“What sphinx of cement and aluminum bashed open their skulls and ate up their brains and imagination?”
Moloch! The well-oiled stink of capitalism permeates every crevice of our lives. Some days the MSG headache of mass-produced culture, the cog movements of worldwide exploitation, the carbon-monoxide-smothering of my ignorance chokes me with despair. The real pain and broken lives I could see every day is too much; from-a-distance despair is all I allow myself. My back hurts clenching off my awareness from how hellish we’ve made a world of angels.
Almost as much as it would hurt to close myself off from all the hope. Like a phoenix rising from the ashes that we slow-burn our world and ourselves to every day, there’s another world bursting out in a million different ways. The baby fire bird is still just stumbling around, unfamiliar with the strength in its limbs and the heights its wings were built for. But it’s growing every day– some days, today, I can hear its call.
I could never catalog all the evidence for this new world, but fortunately, I don’t have to.
Howard Zinn wrote the popular account of its history, and it’s just a condensation of what anarchists and others have been telling us for years: our world has never been the just, free, healthy, people’s world we’re told it’s supposed to be, but that has never crushed the spirit of the people who believe it can be.
WorldChanging has collected and published the methods and stories behind building the new world, and that’s just a snapshot of the ever-evolving world-changing knowledge. The UK government did the same thing a few years ago with The Rough Guide to a Better World. Both their messages? That there are a million campfires getting ready to light up the future, and that’s just the beginning.

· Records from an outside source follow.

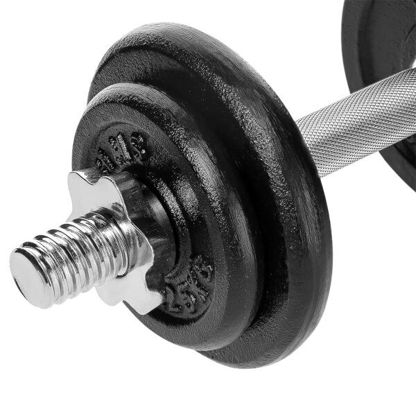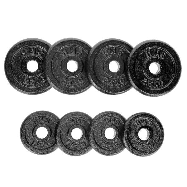 Sada jednoručních činek v kufříku. Kufřík obsahuje 2 jednoruční hřídele, sadu černých kotoučů. 4 kusy matek. Díky balení v plastovém uzaviratelném kufříku, lze činky jednoduše přenášet a skladovat.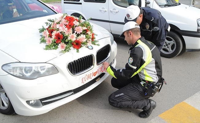 Plakayı kapatan kağıdı çıkaran polis, çifte mutluluk diledikten sonra aracın ayrılmasına izin verdi.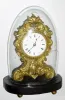 Condition: The clock is completely original and in ERO. The porcelain dial has a hairline at the 10:00 position (nearly invisible). The glass dome is original with a large section glued in on the back. Height of clock 9"; with base and dome 11.3"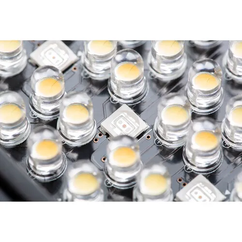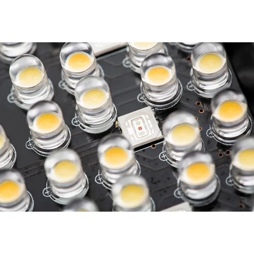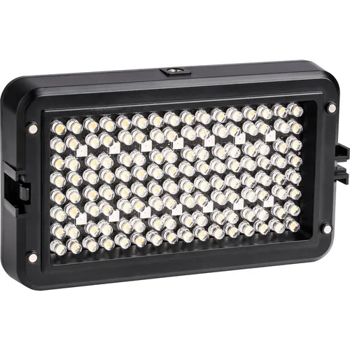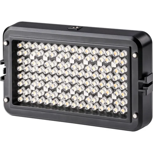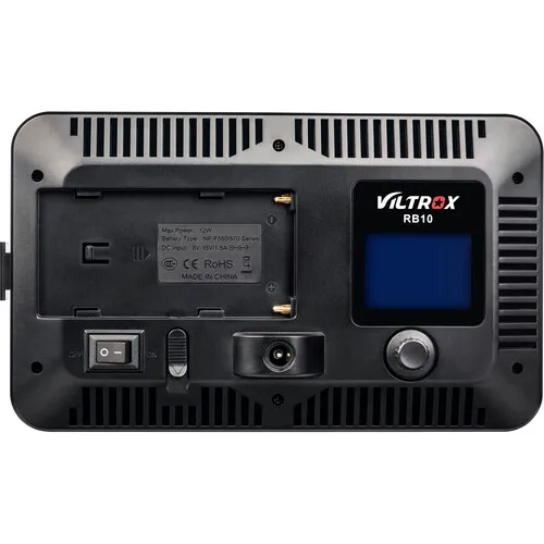 O Iluminador de LED RGB Ajustável RB10 da Viltrox é uma luz LED para câmera com 64 LEDs brancos, 64 LEDs brancos quentes e 14 LEDs RGB. Esta luz compacta de 850 lúmens apresenta uma faixa de temperatura de cor de 3300 a 5600 K e dimerização de 20 a 100%. Uma tela OLED integrada exibe a temperatura de cor, o nível de brilho e a carga restante da bateria.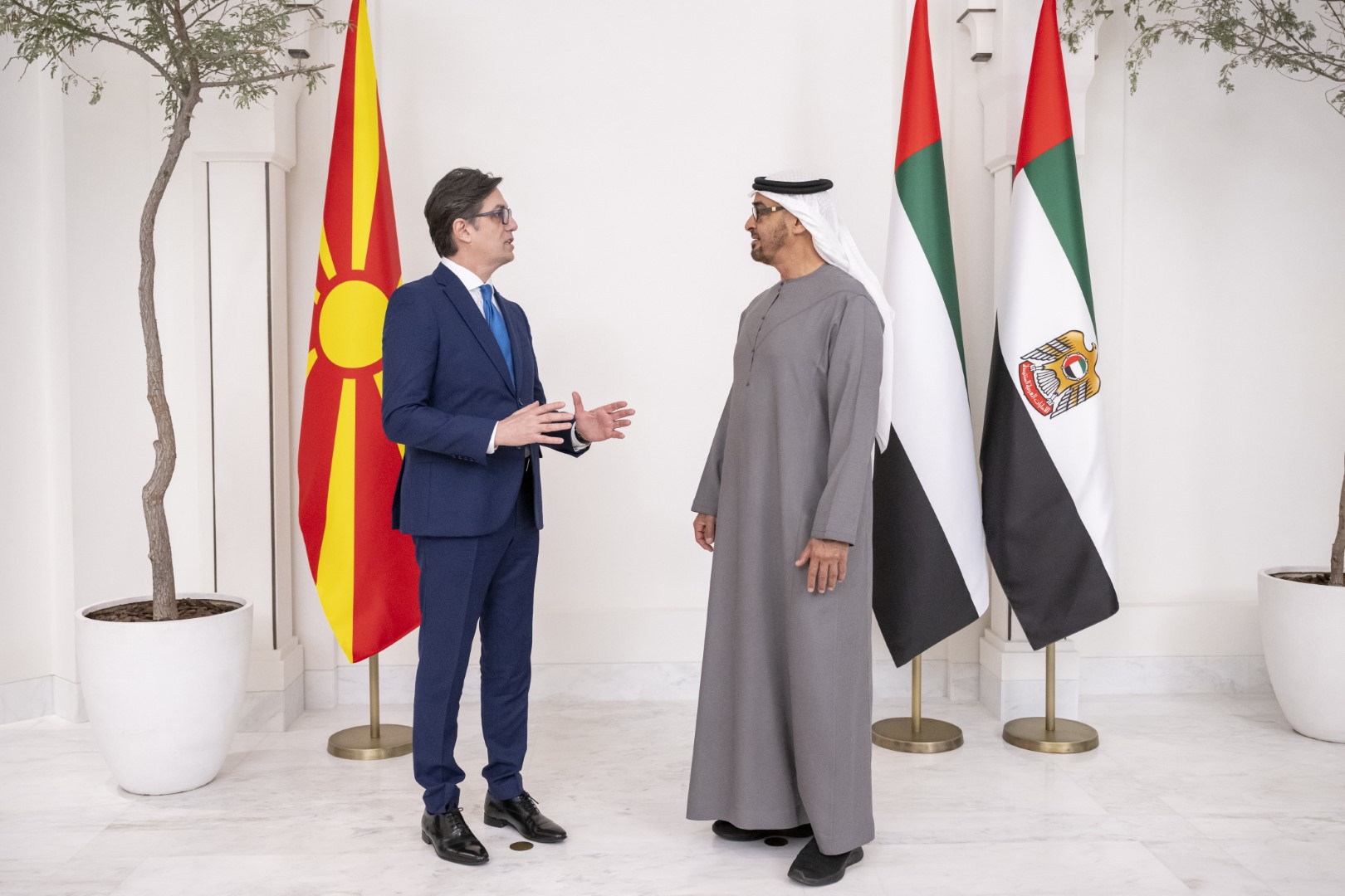 استقبل صاحب السمو الشيخ محمد بن زايد آل نهيان رئيس الدولة "حفظه الله" اليوم فخامة ستيفو بنداروفيسكي رئيس جمهورية مقدونيا الشمالية الصديقة الذي يقوم بزيارة عمل إلى الدولة.

And recently I found another catalog, this one for the present. CrimethInc. Ex-Worker’s Collective published Recipes for Disaster, a direct-action, fuck proper channels, anarchists’ cookbook manifesto on how to fight, and how to love. I’ve just flipped through it, and it’s rough, the way I imagine any agglomeration has to be from people who are more interested in doing and learning than recording. But it’s worth the gems.
What inspires me most about CrimethInc. is the love they put into their work and get out of it as a natural consequence. They speak of magic and love and joy no more shame-facedly than they talk about sabotage and collectives and mainstream media. The clear, hopeful, wisdom-filled eyes that saw Europe by hitchhiking between squats in Off the Map seem to be a dime-a-pair in their world.
And that’s just what I’ve encountered so far. The internet is of course the baby phoenix’s playground, with a different vision of the future born every minute, and more experiments than I could experience with a hundred lives.
We have so much reason to hope. The quote above is from Howl, praise to the beatniks who gave their generation “the absolute heart of the poem of life butcher out of their own bodies good to eat a thousand years.” We are all crucial parts of all the worlds’ problems and all its dreams. I wish I were strong enough or smart enough to machete my own path out of this dark wood, but at least I have the ability to find others, and together we can make it.